We focused on eight genes, LIMD1, SACM1L, SLC6A20, LZTFL1, CCR9, FYCO1, CXCR6, and XCR1, in the 3p21.31 locus that has been shown to robustly associate with COVID-19 severity [3,4,5]. Firstly, we ranked the genes based on the sbScore in the low MOI and high MOI CRISPR screen. Secondly, we gathered summary statistics for 112 cis-eQTL data sets from the eQTL Catalogue [9] (63 data sets, mostly immune cell types with and without treatment) and GTEx v8 [7] (49 tissues). We ranked the genes based on the P value in eQTL studies for the lead GWAS variant in the 3p21.31 locus. Since observing low eQTL P value for the lead GWAS variant does not necessarily translate into shared genetic causality, we further performed colocalization analysis.

Colocalization analysis of COVID-19 GWAS and cis-eQTLs in the 3p21.31 locus with coloc

To assess evidence for shared causal variant of a cis-eQTL and a COVID-19 GWAS (hospitalized and reported infection GWAS, round 5, worldwide meta-analysis without 23andMe), we used the Bayesian statistical test for colocalization, coloc [11], assuming one causal variant per trait.
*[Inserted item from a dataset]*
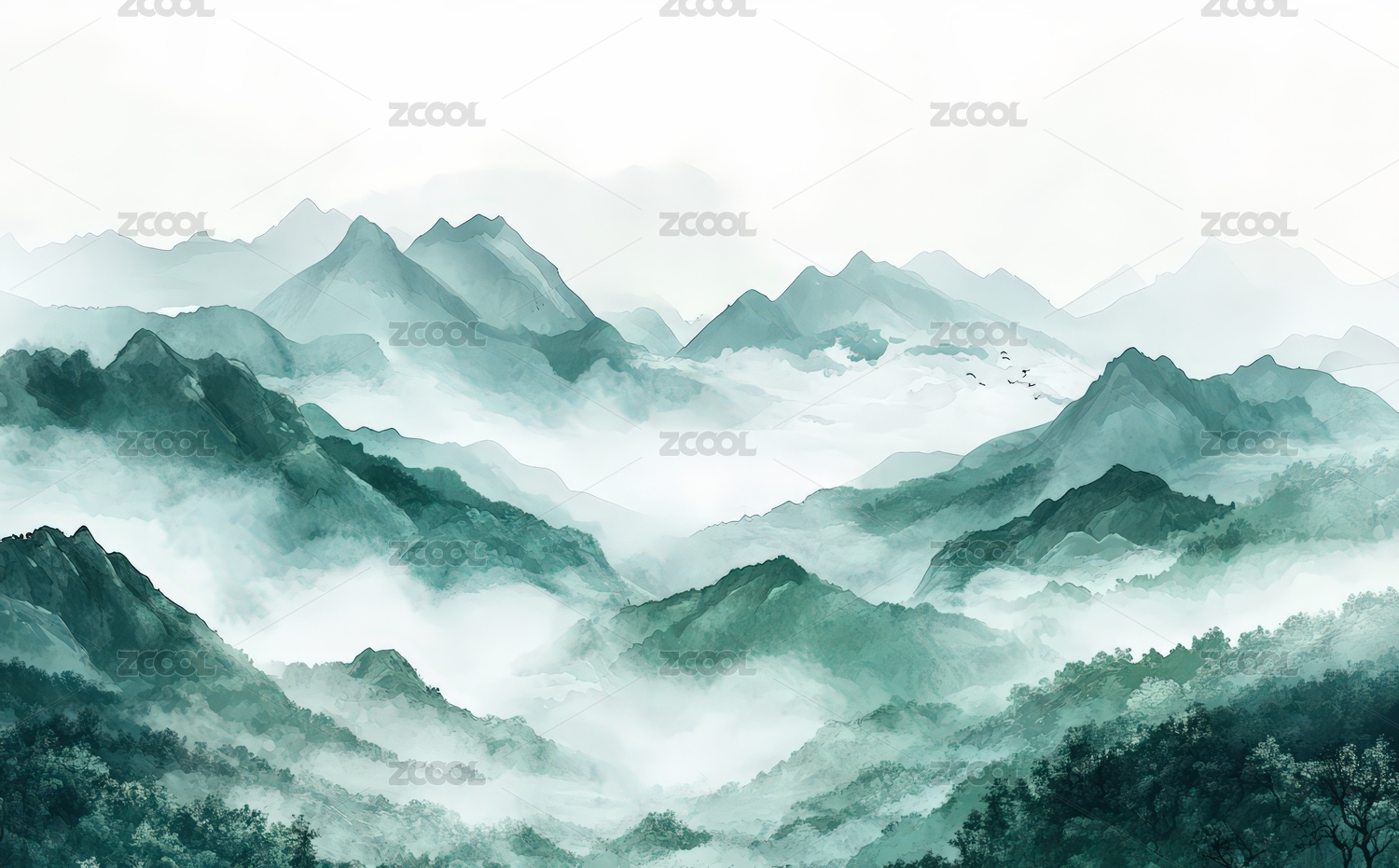 国风水墨云雾背景图

We only included cis-eQTLs for genes for colocalization test, if there was a cis-eQTL with a nominal P value < 10−4 within 100 kb of the lead GWAS variant in the 3p21.31 locus. Coloc was run on a 1 Mb region centered on the lead GWAS variant (+/− 500 kb from the variant) with prior probabilities set to p1 = 10−4, p2 = 10−4, p3 = 5 × 10−6. We defined suggestive support for colocalization between the COVID-19 GWAS and cis-eQTL signal if the posterior probability for one shared causal variant (PP4) > 0.5.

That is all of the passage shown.